Shit. Piss. Fuck. George Carlin is fucking dead. The man changed my life. I grew up listening to his act and his listening to his tapes was a staple on my regular drives through college from Pittsburgh to NYC and back again (What am I doing in NJ being a classic as I drove through NJ). Whole minutes of his riffs on sports, including putting minefields in the outfield to ‘liven up’ baseball, were quoted verbatim between my brother and I growing up in Queens.
Despite his reputation for focusing on obscenity, he was the smartest comedian I’ve ever heard. His ability to make cynicism funny, to communicate well and comically about tough things, going to dark, true places most comedians would be afraid to go changed the way I think about what’s possible. If he can make people laugh about that, what is it I can do? What can i use humor to do for me? How can I use clarity about a tough topic to make it easier to talk about?
Through his pitch black cynicism, he helped me figure out how to be an optimist – or at least, at times, optimistic. And I can’t think of higher praise to offer a creative person than to have helped people find better ways to deal with being alive. His work has become more than entertainment – lurking in the outlines of how he constructed his work is a strawman philosophy for living: life is here, it sucks sometimes, don’t pretend otherwise, find a way to deal with it (and making fun if of it is a damn good one).
I never went to see him perform, thinking there would always be time. I’m devastated to learn today I was wrong. Rest in Peace Mr. Carlin.

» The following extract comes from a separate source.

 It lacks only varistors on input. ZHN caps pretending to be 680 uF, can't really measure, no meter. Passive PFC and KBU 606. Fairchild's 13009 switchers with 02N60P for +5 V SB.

“You can’t be afraid of words that speak the truth. I don’t like words that hide the truth. I don’t like words that conceal reality. I don’t like euphemisms or euphemistic language. And American English is loaded with euphemisms. Because Americans have a lot of trouble dealing with reality. Americans have trouble facing the truth, so they invent a kind of a soft language to protect themselves from it. And it gets worse with every generation. For some reason it just keeps getting worse…
And we have no more old people in this country. No more old people. We shipped them all away and we brought in these senior citizens. Isn’t that a typically American twentieth century phrase? Bloodless. Lifeless. No pulse in one of them. A senior citizen. But I’ve accepted that one. I’ve come to terms with it. I know it’s here to stay. We’ll never get rid of it. But the one I do resist, the one I keep resisting, is when they look at an old guy and say, “Look at him Dan, he’s ninety years young.” Imagine the fear of aging that reveals. To not even be able to use the word old to describe someone. To have to use an antonym.

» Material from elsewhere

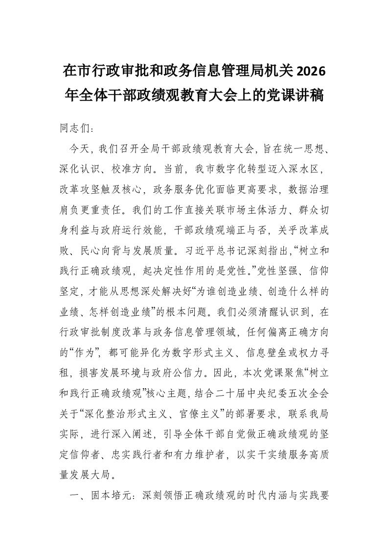 在市行政审批和政务信息管理局机关2026年全体干部政绩观教育大会上的党课讲稿

And fear of aging is natural. It’s universal, isn’t it? We all have that. No one wants to get old. No one wants to die. But we do. So we con ourselves. I started conning myself when I got in my forties. I’d look in the mirror and say, “Well…I guess I’m getting …older.” Older sounds a little better than old, doesn’t it? Sounds like it might even last a little longer. I’m getting old. And it’s okay. Because thanks to our fear of death in this country I won’t have to die. I’ll pass away. Or I’ll expire, like a magazine subscription. If it happens in the hospital they’ll call it a terminal episode. The insurance company will refer to it as negative patient care outcome. And if it’s the result of malpractice they’ll say it was a therapeutic misadventure.”